## Task statement
From the line holding "29 Aries 47 |" through the line holding "Reliably protects chain" below, write out every line exactly; include both of those lines and drop the pictures.

## Extracted entries

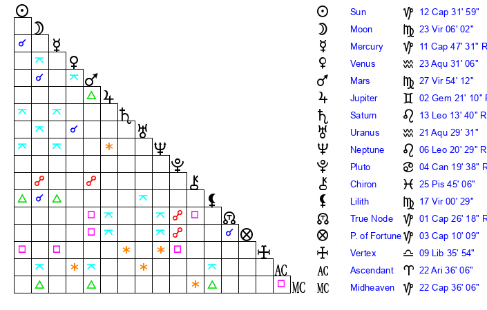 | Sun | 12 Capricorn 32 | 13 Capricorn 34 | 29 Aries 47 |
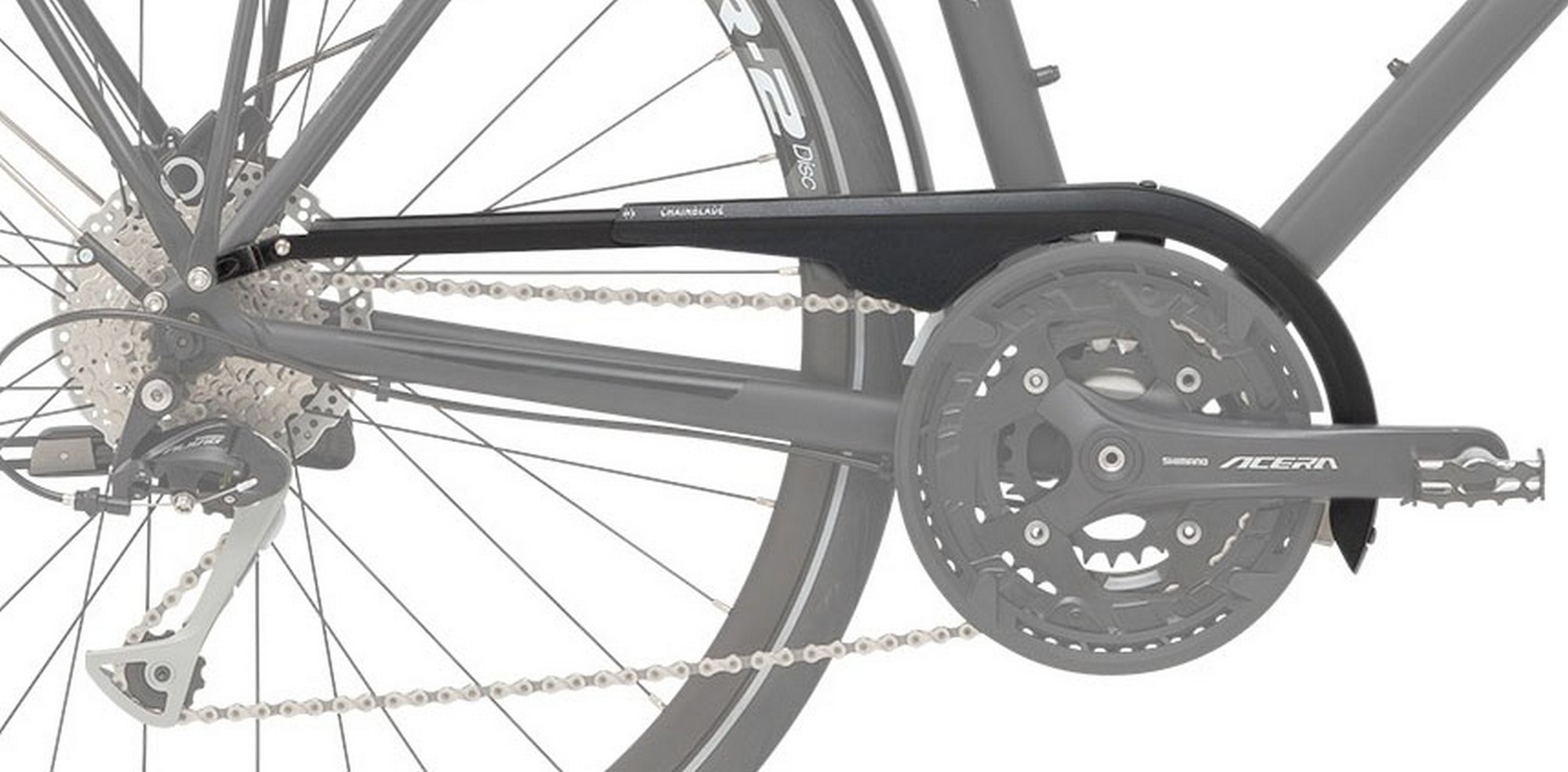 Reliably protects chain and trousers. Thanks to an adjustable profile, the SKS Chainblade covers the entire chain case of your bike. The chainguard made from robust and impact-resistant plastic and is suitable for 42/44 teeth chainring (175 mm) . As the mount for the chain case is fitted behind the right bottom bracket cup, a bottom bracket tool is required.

* * *

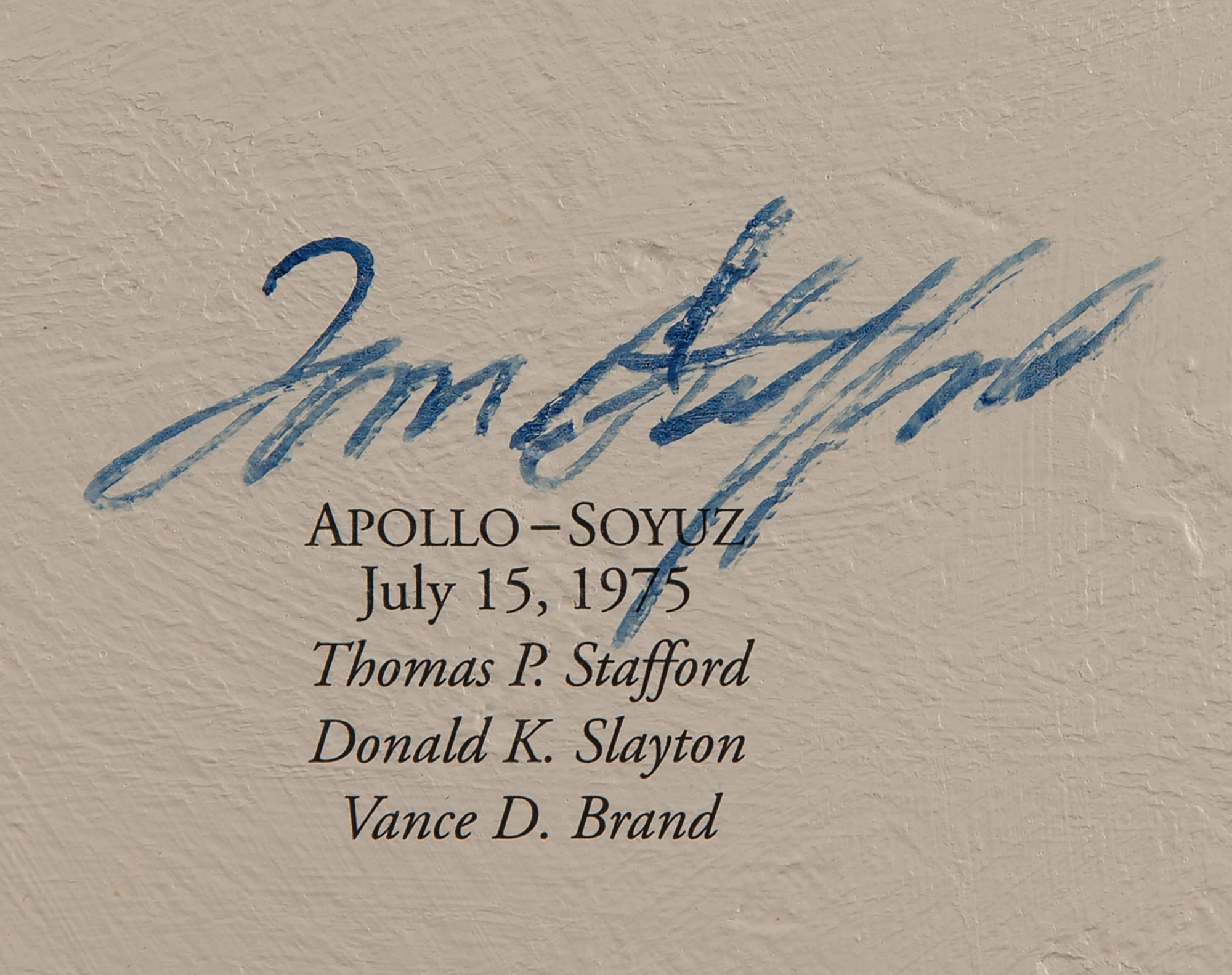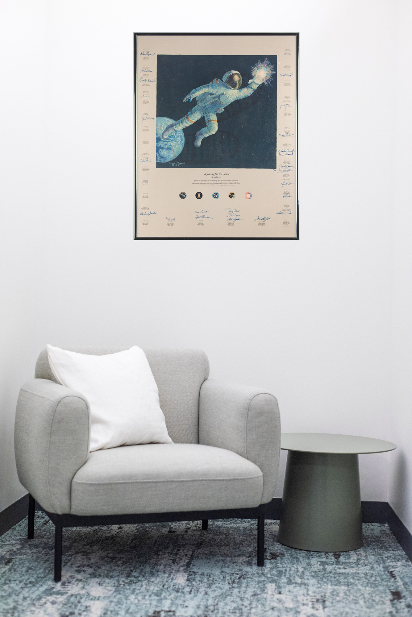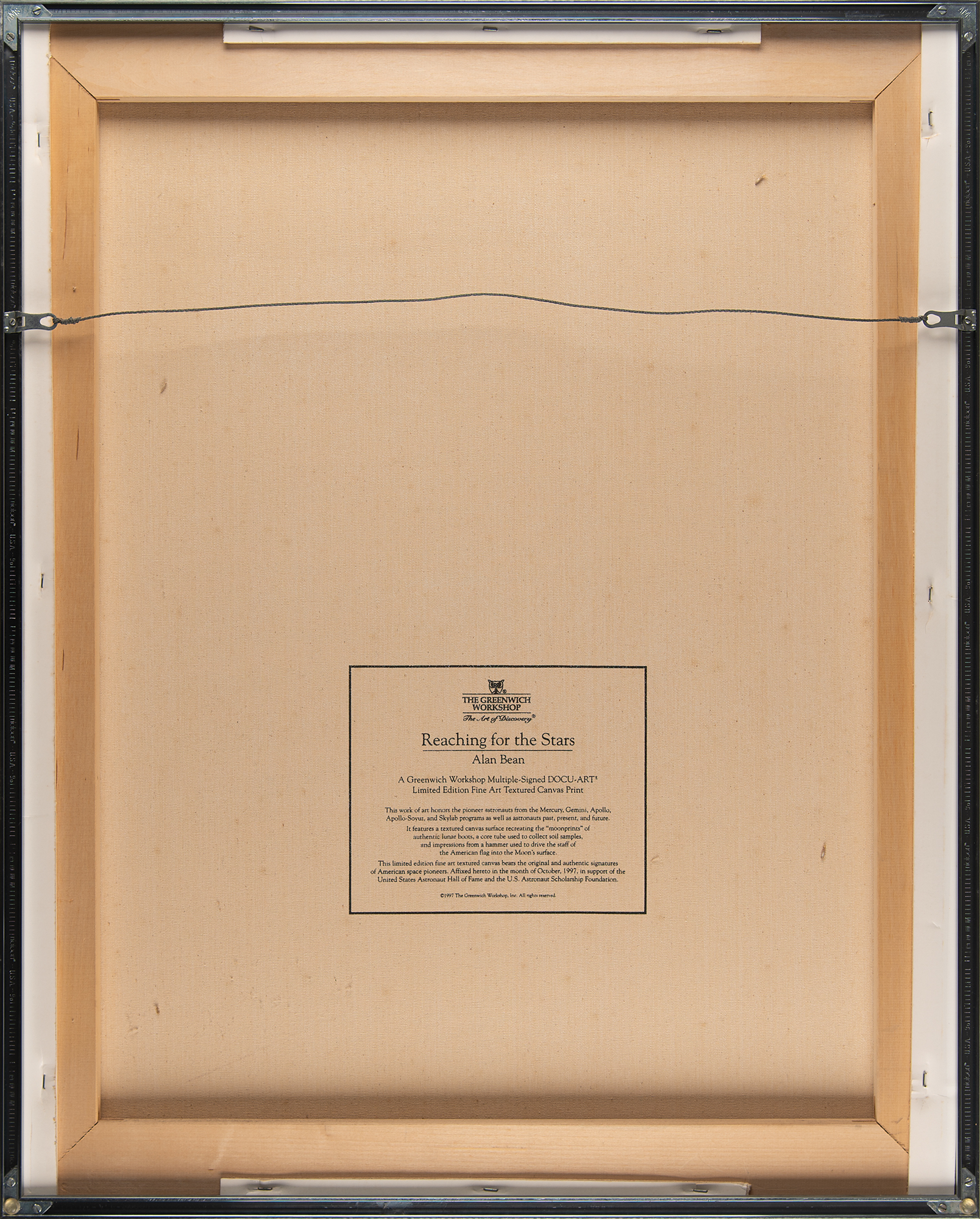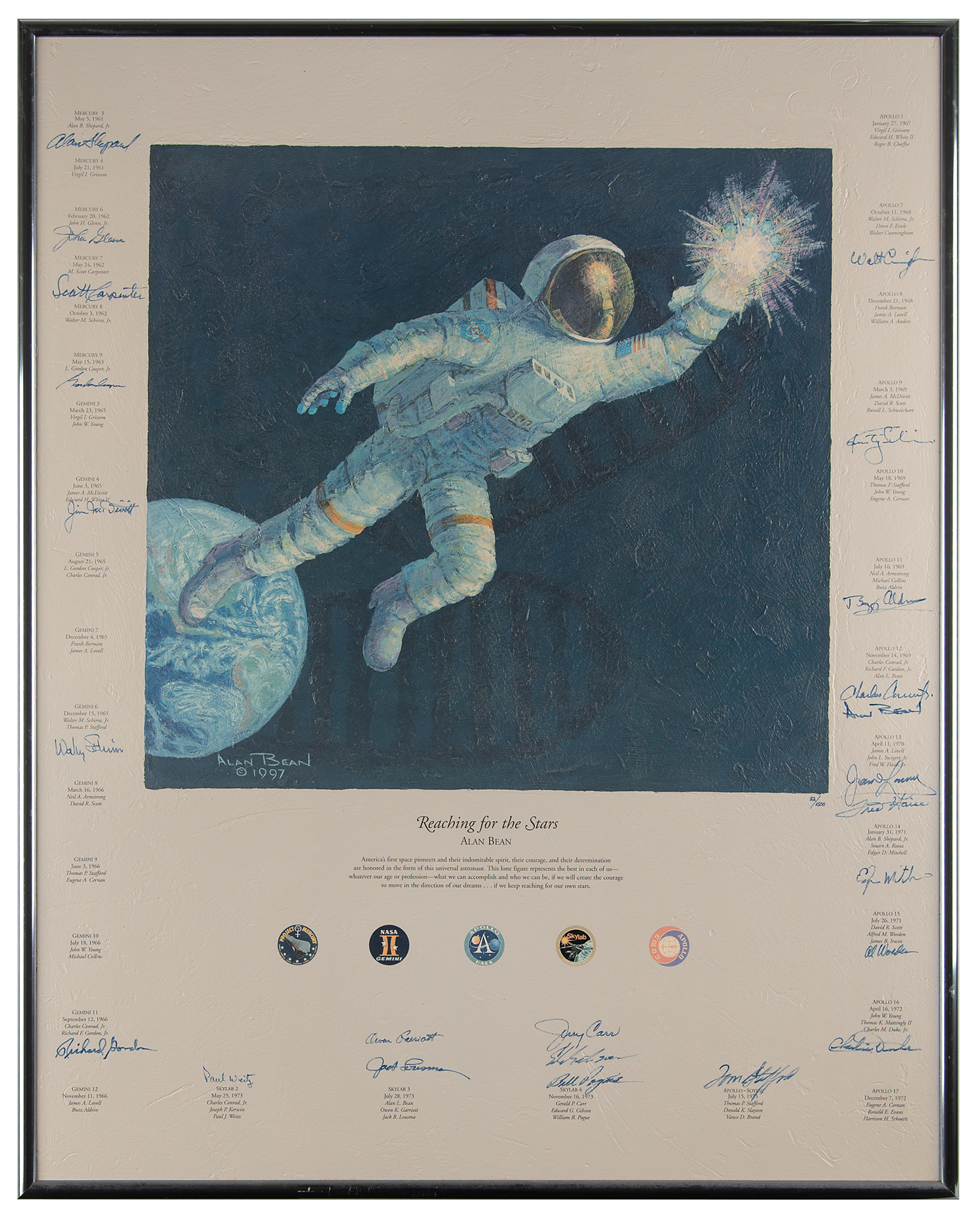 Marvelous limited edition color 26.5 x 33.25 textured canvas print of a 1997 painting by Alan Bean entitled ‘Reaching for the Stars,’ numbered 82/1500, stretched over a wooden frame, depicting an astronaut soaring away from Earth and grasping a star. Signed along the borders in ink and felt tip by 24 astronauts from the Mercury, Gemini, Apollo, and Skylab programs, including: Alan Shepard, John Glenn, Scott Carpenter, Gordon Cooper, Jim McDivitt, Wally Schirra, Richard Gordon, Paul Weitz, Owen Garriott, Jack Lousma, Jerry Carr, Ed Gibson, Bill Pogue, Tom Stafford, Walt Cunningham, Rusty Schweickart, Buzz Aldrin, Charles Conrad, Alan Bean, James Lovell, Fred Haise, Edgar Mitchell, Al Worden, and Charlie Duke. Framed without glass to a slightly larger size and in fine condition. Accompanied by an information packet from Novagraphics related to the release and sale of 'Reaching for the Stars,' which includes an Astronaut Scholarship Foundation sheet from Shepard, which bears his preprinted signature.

## Answer to the exercise
 | Sun | 12 Capricorn 32 | 13 Capricorn 34 | 29 Aries 47 |
 Reliably protects chain and trousers. Thanks to an adjustable profile, the SKS Chainblade covers the entire chain case of your bike. The chainguard made from robust and impact-resistant plastic and is suitable for 42/44 teeth chainring (175 mm) . As the mount for the chain case is fitted behind the right bottom bracket cup, a bottom bracket tool is required.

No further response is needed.